DOI: 10.1182/bloodadvances.2026020059 ISSN: 2473-9529

Delayed Recognition and Significant Morbidity in Adults with Non-Transfusion-Dependent Thalassemia

Aaron N Cheng, Scott A. Peslak, Sujit Sheth, Farzana A Sayani, Ashutosh Lal

Non-transfusion-dependent thalassemia (NTDT) is characterized by variable degrees of anemia, ineffective erythropoiesis, and iron overload, with a heightened risk of age-related complications. However, the clinical profiles of patients who first present to thalassemia care in adulthood, as well as the gaps in management, are poorly described. In a multi-institutional study, we identified 82 patients with NTDT aged ≥18 years who were referred to three U.S. thalassemia centers between 2013 and 2023. Data were collected by manual chart review and included clinical history, laboratory tests, and imaging. The median age at initial visit was 36.8 years (range 18-74), and 37 (45%) of the patients had α-thalassemia, while 45 (55%) had β-thalassemia.
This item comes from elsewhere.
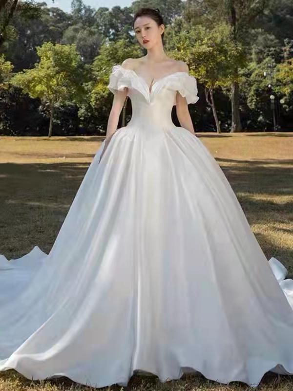 一字肩缎面白纱

Complications assessed included symptomatic anemia, prior splenectomy, extramedullary hematopoiesis, iron overload, pulmonary hypertension, cardiac arrhythmia, endocrine complications, and thrombosis. Iron overload was common, with 71% of available liver MRIs showing hepatic iron >5 mg Fe/g dry weight. Among patients with LIC >5 mg Fe/g, only 24.4% were on chelation at referral. Strikingly, 49% of patients were recommended to start regular transfusions following the consultation, predominantly for symptomatic anemia or complications of ineffective erythropoiesis. Patients with NTDT referred for initial comprehensive thalassemia care in adulthood had high rates of morbidities and undertreated iron overload. The criteria for initiating regular transfusions must be widely implemented to mitigate long-term complications and improve the quality of life of adults with NTDT.